Pride—you took a lot of guff for past support, you’re not gonna back off now. Identification—he’s a nonelite. Anger—he’s a living rebuke of the system that has produced disorder. Cold calculation—“In a world full of animals, he’s our animal.”

Mischief, sheer humor—his antics make you laugh, and it isn’t a bad feeling to subvert things when you feel what you’re subverting is decadence. 

Some other things, I think. Americans have long used political debate as a distraction from their real lives. Once Mr. Trump is in office again you have a job again. When he’s in power he dominates the stage, the national conversation. Everyone is forced to argue about Trump. Your job the next four years is to defend him. It’s a full-time job so you get to ignore your life and what needs fixing in it. These tend to be the hard parts—lost kids, loneliness, job problems. You can’t fix them, you’re too busy saving the nation! You have to avoid them! 

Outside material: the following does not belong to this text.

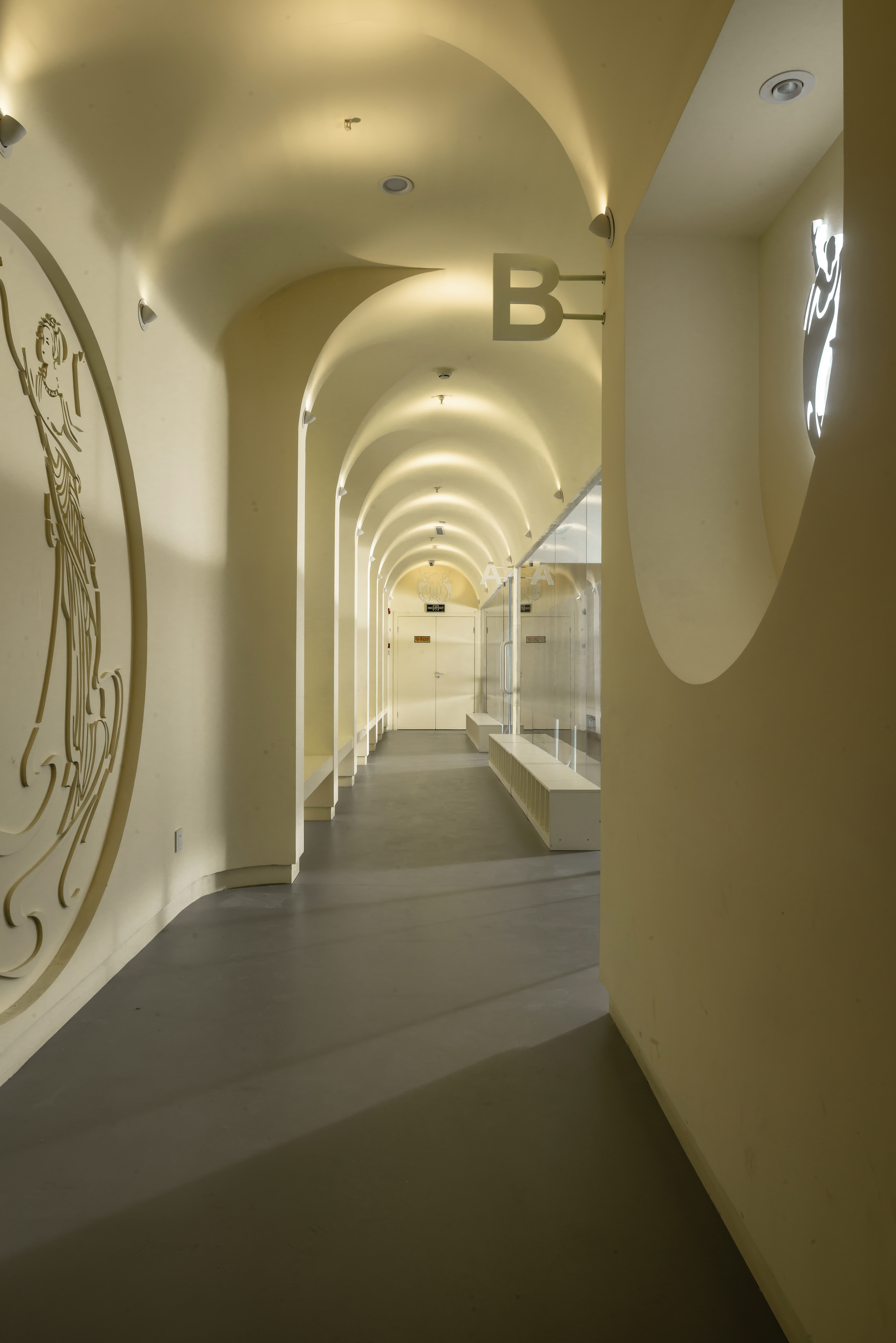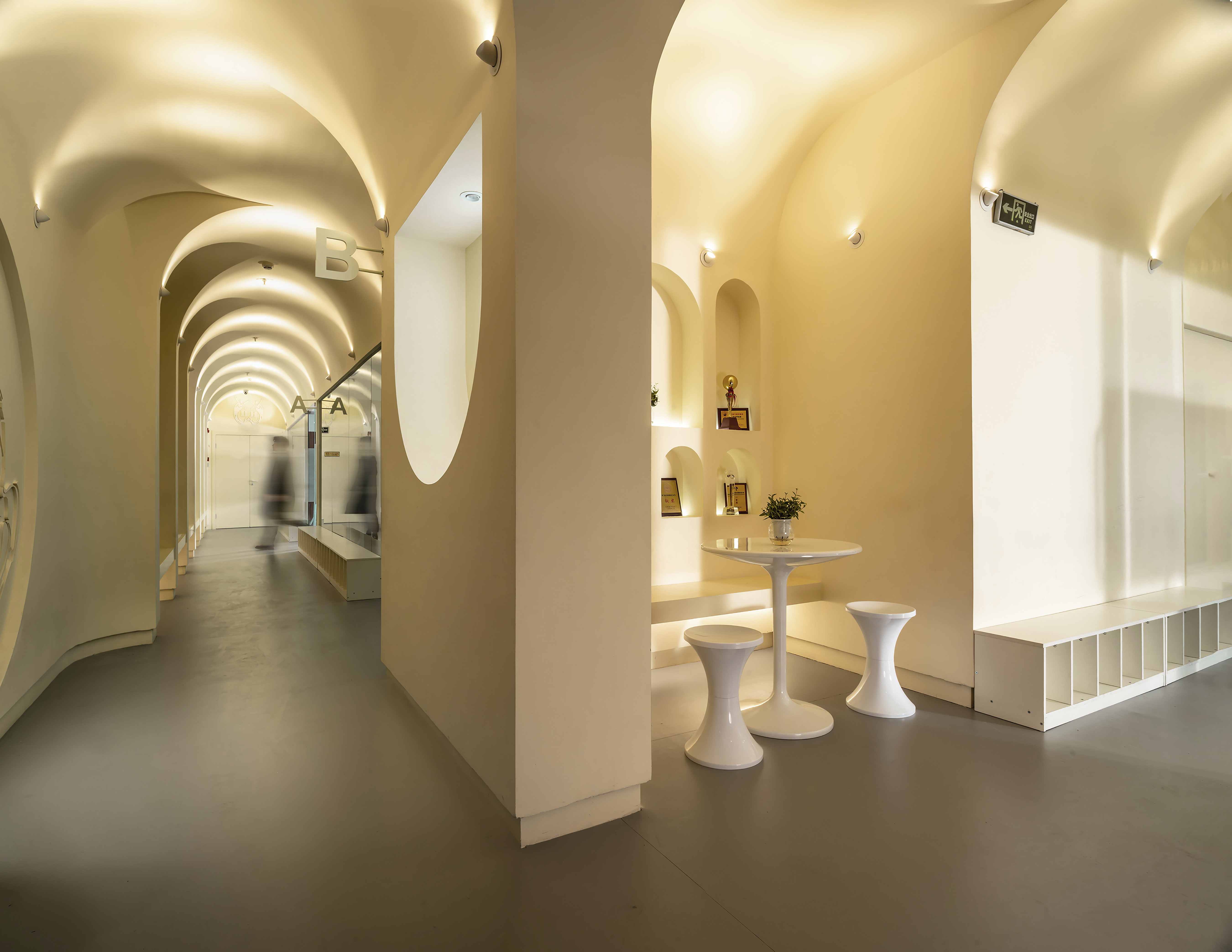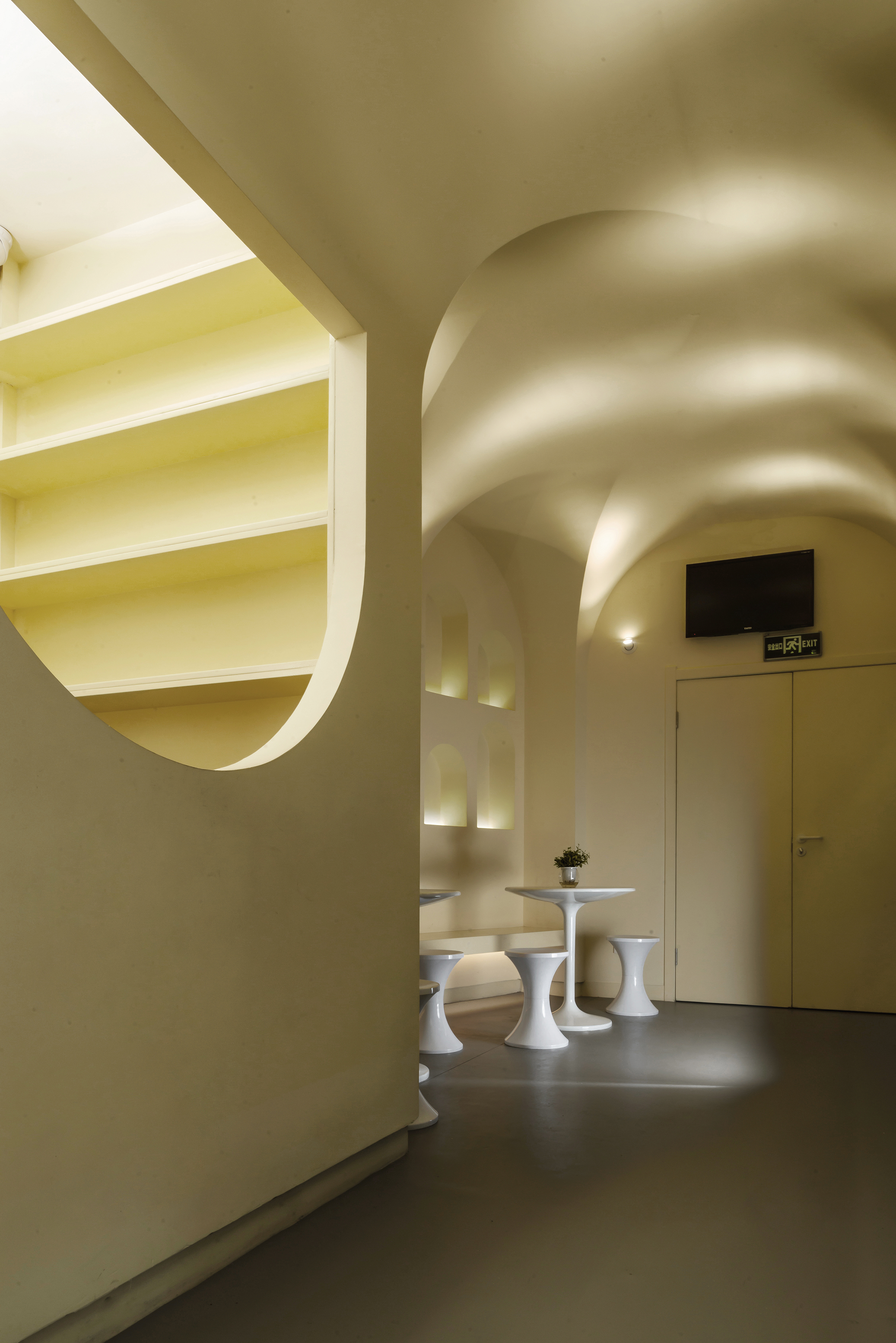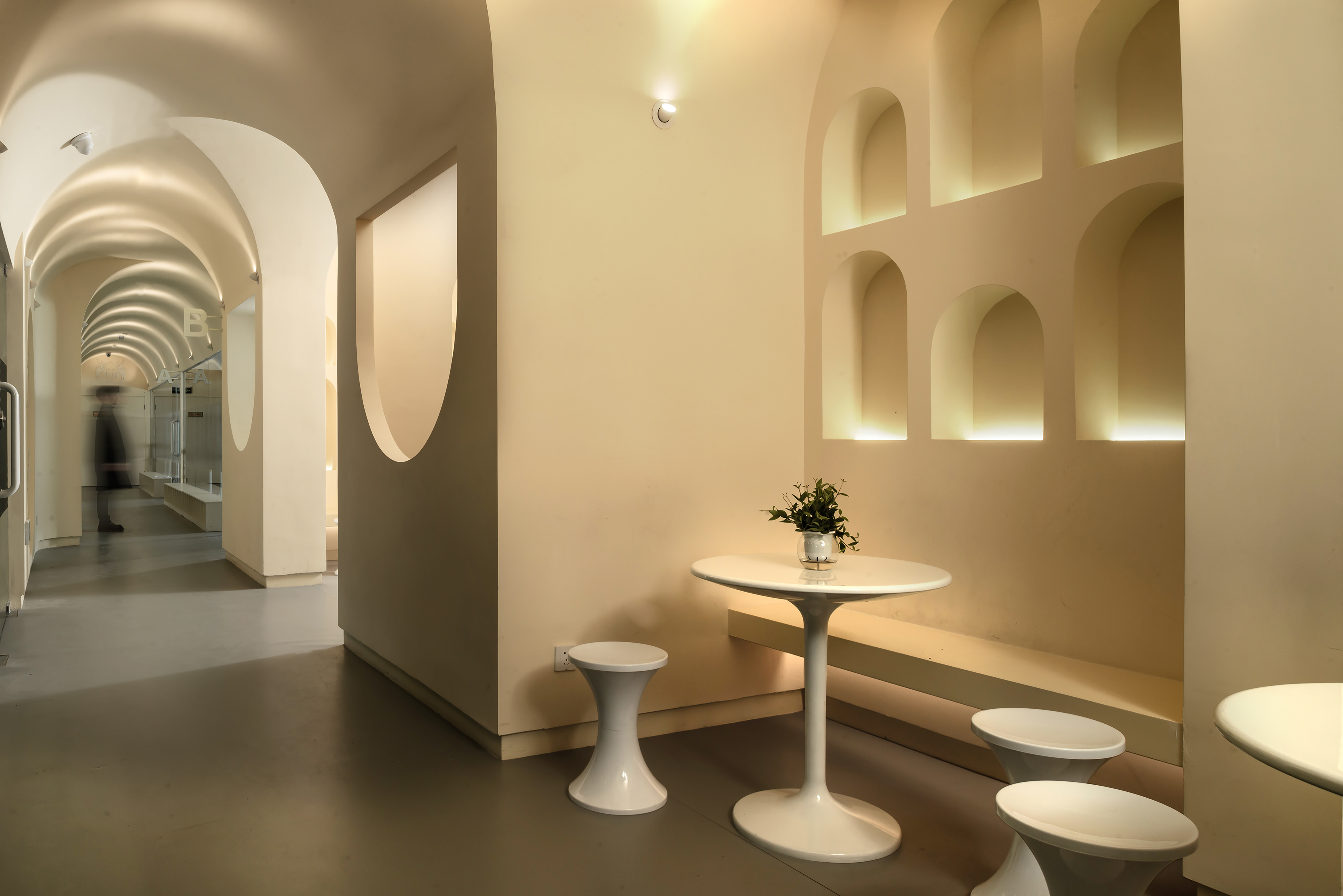 公共空间1 墙体素极,石膏、腻子、乳胶漆足矣,而在工艺上,以原始泥灰墙手法结合现代材料,既是一种延续和继承,又在材质上不会过于陈旧。空间中看不见的气韵是设计追问的本质所在,气所呈现的美以及韵所表达的质,需要物理化建构的结果去依附。建构的核心是理念,是材料,还有对造型、灯光,包括对自然的理解,对人活动的呵护,及对文化的回望。所以在整个公共空间,汲取洞窟造型加以韵律化设计,呈现的是经年积淀的文化底蕴

The left does this too, maybe more so. But it all got turbocharged in the Trump era.

More seriously—most seriously—deep down a lot of hard-core Trump supporters, and many not so hard-core, think it’s all over. They love America truly and deeply but think the glue that held us together is gone. Religion and Main Street are shrinking into the past, and in the Rite Aid everything’s locked up. School shootings, mass shootings, nobody’s safe, men in the girls’ locker room, race obsessions, a national debt we’ll never control. China, Russia, nukes and cooked-up plagues. If they decide to do a mass cyberattack and take out our electricity for six months we’ll never get through it. Once we would. 

I am always struck by how many jolly, kind, cheerful, constructive Americans hold this sense of impending doom in their hearts and go cheerfully through each day anyway. 

But they figure if we’re at the end times, he’s the perfect end-times president, a guy who goes boom.